Förderhöchstgrenze auf 500.000 Euro angehoben
Mitteilung des SMWA vom 15.01.2009

Richtlinie der Technologietransferförderung erweitert

„Wir wollen das beste verfügbare Know-How für noch mehr sächsische Unternehmen“, begründet Wirtschafts- und Arbeitsminister Thomas Jurk (SPD) die Erweiterung der Technologietransferförderung. Sie soll dazu beitragen, dass Unternehmen die wirtschaftlichen Potenziale des vorhandenen technologischen Wissens besser ausschöpfen können. „Innovationen dürfen gerade in wirtschaftlich turbulenten Zeiten nicht aus den Augen verloren werden“, so Jurk. Ein sich rasch verändernder Markt verlangt immer nach neuen Produkten, Dienstleistungen und Lösungen.

„Neu ist die Möglichkeit, jetzt auch materielle Investitionen zu fördern, wenn diese unmittelbar im Zusammenhang mit dem Transferprojekt stehen“, so Jurk weiter. „Das heißt, ab jetzt kann auch der Erwerb von Maschinen, Anlagen und Ausrüstungsgütern unterstützt werden.“ Die Beratungsleistung kann statt wie bisher mit 50 Prozent jetzt mit bis zu 75 Prozent gefördert werden. Außerdem wurde die Förderhöchstgrenze von 200.000 Euro auf 500.000 Euro angehoben. Davon können bis zu 50 Prozent für materielle Investitionen aufgewendet werden.

Grundlage für die Änderung der Transferförderung war eine Evaluation der 2007 in Kraft getretenen Förderrichtlinie zum Technologietransfer. Die Evaluation hat bestätigt, dass der eingeschlagene Weg, Unternehmen beim Technologieerwerb und bei der Inanspruchnahme von Beratungsleistungen zu unterstützen, richtig ist. „Angebote der Technologiegeber und der Technologiemittler müssen sich am Bedarf der kleinen und mittleren Unternehmen (KMU) orientieren“, so Jurk.

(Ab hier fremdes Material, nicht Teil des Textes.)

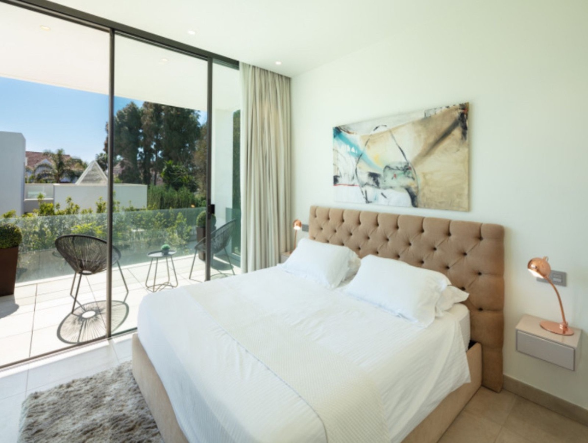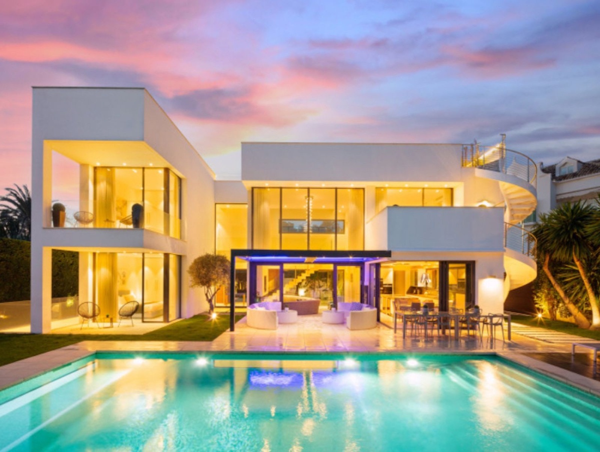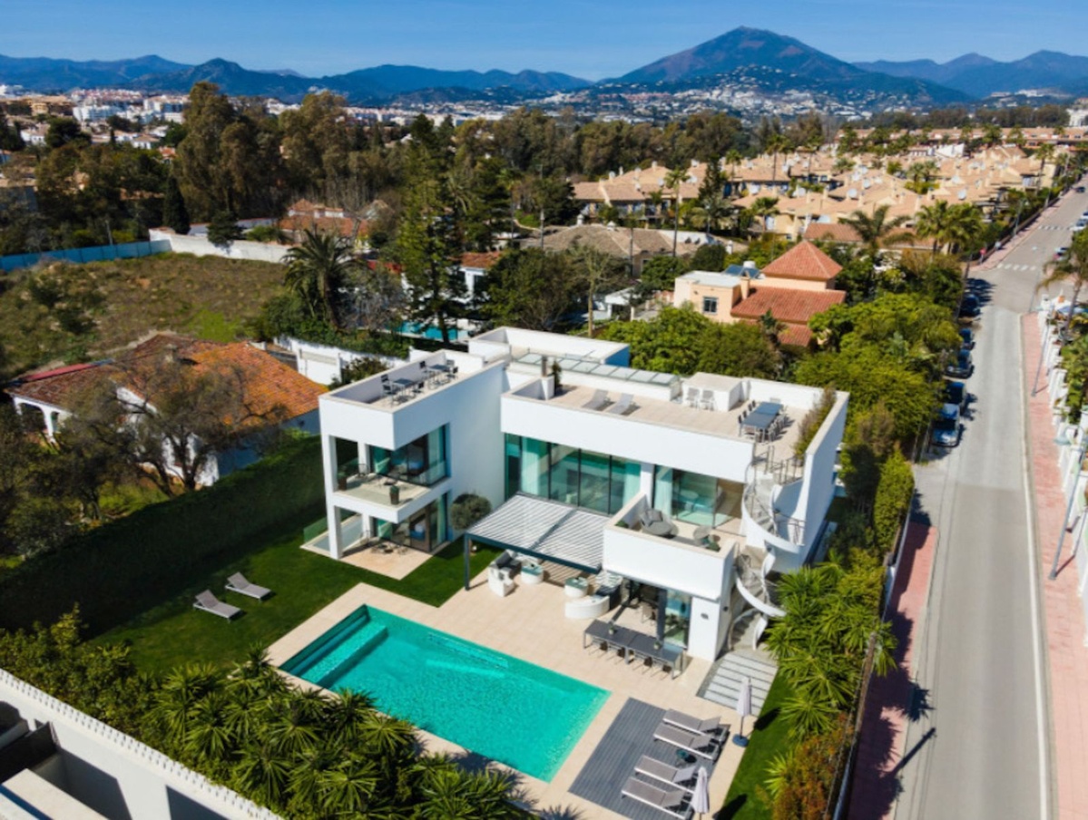 This contemporary villa provides the ultimate in beach side luxury living. Located in the beautiful beachside resort of Puerto Banus, 200 meters walking distance to the beach, close to shops and nightlife of Puerto Banus and short driving distance from Marbella centre and San Pedro. Designed across 3 floors, all accessible through the private elevator, the property offers 7 bedrooms and 7 bathrooms each with an outdoor terrace. Entrance level boasts of a large airy open plan living with double height ceilings. Welcoming exteriors include a manicured garden which surrounds the 54m2 salt water heated pool, cosy lounge areas, an outdoor dining area completed with its own outdoor kitchen and BBQ area for al fresco dining. On the first floor you will find 3 en-suite bedrooms and a hanging gallery overlooking the impressive lounge area. The generous master suite is completed with a walk-in shower, stand alone bath and an expansive walk-in wardrobe. A large outdoor sun terrace overlooks the pool and garden with access to the roof terrace. An expansive area with 3 separate terraces, giving you even more options for sunbathing and dining, while enjoying the breathtaking Sea and Mountain views. The basement has been converted into the perfect relaxation area, equipped with a cinema room and a games lounge.

Für die Transferförderung stehen jährlich über 10 Mio. Euro zur Verfügung. Anträge können bei der Sächsischen Aufbaubank (SAB), Abteilung Wirtschaftsförderung eingereicht werden.

Hintergrund:

Technologietransfer im Sinne dieser Förderrichtlinie ist die planvolle Übertragung technologischen Wissens von Technologiegebern zu Technologienehmern (KMU) zur Vorbereitung und Realisierung von Produkt- und Verfahrensinnovationen. Solche Innovationen stellen neue oder an einen neueren technischen Stand angepasste Produkte oder Verfahren dar. Der Technologietransfer kann mit Beratungsleistungen durch Technologiemittler einhergehen.

Technologiegeber können Hochschulen, außeruniversitäre und außeruniversitäre wirtschaftsnahe Forschungseinrichtungen sowie Unternehmen sein. Technologiemittler können Technologiezentren sowie Beratungsunternehmen im Freistaat Sachsen sein.